By registering with us and committing to carbon reduction, you’ll be having your say in how local environmental policy is formed to meet the specific circumstances of residents where you live.
By using the Toolkit, your local councils will be able to see what is already being done in your community, what people are planning to do, and what’s holding them back from taking certain actions. They can use this information to inform their planning and decision making, to come up with support that relevant to what’s actually happening in your area.
Away from the Toolkit, where we have some dedicated actions for how you can use your voice.
However, there is plenty you can do to make sure your voice is heard in your local area. You can be certain that there are many people who live near you who share your concerns about climate change and the ecological crisis. The ways in which we feel comfortable about getting involved are very personal.
Many people are starting to speak out for the first time and some people have been asking for change for many years.
Your school, church, local council and other local community organisations and groups are great places to meet with others nearby who share your concerns about the future, and to identify issues that you can lobby for. Collective action by individual people can be the thing that gets big issues onto the political agenda and we have enormous power as consumers and voters which we can use by letting companies and governments know how important climate change policies are to us.
What's in the Toolkit?
We’ve researched more than 60 different carbon reducing actions, grouped into categories, and rated them by cost and carbon impact. There are actions suitable for all individual circumstances. You’ll find them all waiting for you in the Toolkit.
Buildings
Transport
Food & waste
Land use
Energy
Money
Use your voice
Why is a local approach so important?
Much climate policy is driven by a top-down, national approach. It doesn’t take into account regional differences around the country. By using The Great Collaboration Toolkit you are part of a bottom-up, local initiative that provides detailed, local information to allow local policy to be directed at the specific needs of local communities. In other words, you’re helping get the right actions to happen in the place that you live.
How to get started
Open the Toolkit and browse through the various sections.

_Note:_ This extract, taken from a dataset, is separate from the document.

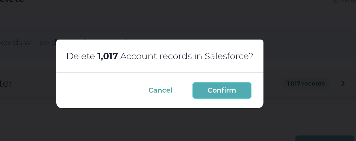 - Press the Confirm button to delete the selected records. If you stop a Mass Delete job, the process halts correctly and can be undone as expected.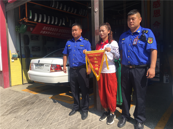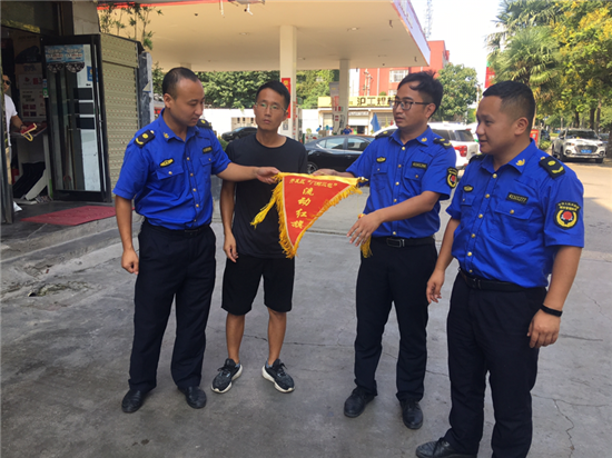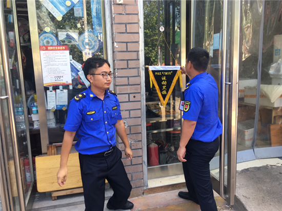 夏日的陽(yáng)光透過(guò)清澈的天空照下來(lái),街很凈,樹很綠。8月18日是開發(fā)區(qū)城管稽查大隊(duì)進(jìn)行“門前三包”流動(dòng)紅旗和流動(dòng)黑旗評(píng)選的日子。開發(fā)區(qū)城管稽查大隊(duì)工作人員根據(jù)綜合評(píng)比標(biāo)準(zhǔn),分別為“門前三包”工作突出的門店懸掛流動(dòng)紅旗,為“門前三包”工作不力的門店懸掛黑旗。

When you come across an action you’ve already done, tell us by clicking Already Done.
When you come across an action you can’t do, or don’t want to do, click Not For Now and tell us a little about why.
Try to find half a dozen actions that interest you, and click Commit to say you’ll take that action within the next 12 months.
There are lots of actions to choose from. Each one shows the likely cost (FREE, £, ££, £££, ££££) and the potential emissions reduction (CO₂↓, CO₂↓↓, CO₂↓↓↓).